Après un certain temps Budaï perd patience, il se décourage, il ne pose plus de questions, l’insuccès lui donne des complexes, sa langue est prise de paralysie. Cela ne l’empêche pas de foncer, de suivre son chemin dans la multitude incessante, propulsé plus par l’instinct que par une volonté consciente : une fois qu’il s’est juré de ne pas abandonner la partie, il doit la jouer jusqu’au bout, de toutes ses forces, quel qu’en soit le résultat.

 

Apparemment, ma première lecture est antérieure à la création de ce blog et donc il n’y avait pas eu de billet. L'avis de Et si on bouquinait un peu.

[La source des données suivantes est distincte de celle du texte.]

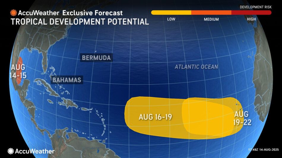 Additionally, forecasters are tracking another low risk area for tropical development in the eastern and central Atlantic from Aug. 19-22.

Une lecture commune est prévue prochainement, mais en prévision de mon départ en vacances, j'ai décrété  une semaine hongroise sur le blog.




14 commentaires:

Ingannmic, a dit…

J'avais été déçue, peut-être parce que j'en attendais beaucoup. Si j'ai apprécié certaines pistes de réflexion, l'intrigue, à force de tourner en rond, a fini par m'ennuyer, et puis cette fin...

nathalie a dit…

Je pense que le lecteur s'y sent autant enfermé que le personnage, ce qui explique la difficulté à se plonger dedans.

Dominique a dit…

j'ai lu beaucoup d'avis positifs mais je n'ai pas réussi à accroché à ce roman dommage

nathalie a dit…

Ça ne me semble pas tout à fait ton univers en effet.

eimelle a dit…

pas sûre que ça me plaise vraiment non plus...

je lis je blogue a dit…

J'ai vu qu'il y avait une lecture commune autour de ce roman mais j'ai été découragée par des avis que j'ai lus ici ou là

nathalie a dit…

Peut-être pas ton genre en effet !

nathalie a dit…

Ah la la... bon je comprends mais c'est dommage.

keisha a dit…

Hé oui, ces hongrois ont un genre qui me plait, alors epepe, c'est incontournable! Troublant.

Anonyme a dit…

Je ne sais pas si je le relirai mais je l'ai lu et oui, c'est démoralisant, on se sent englué dans un monde qui n'a pas de sens, privé de liberté, un univers absurde, sans avenir. Une vision des pays totalitaires, peut-être de l'URSS ? Un livre à lire, en tout cas.

claudialucia a dit…

Signature du commentaire précédent ...

Nathalie a dit…

Sans doute oui, l’absurde et l’impersonnalité du monde soviétique, avec ces files d’attente interminable.

Patrice a dit…

Merci pour le lien :-). C'est un livre vraiment particulier, mais j'avais vraiment été séduit par l'ambiance et toutes les interrogations qu'il suscite (et ton billet le confirme).

nathalie a dit…

Oui, c'est vraiment un truc bizarre. On est mal à l'aise mais on se pose plein de questions intéressantes.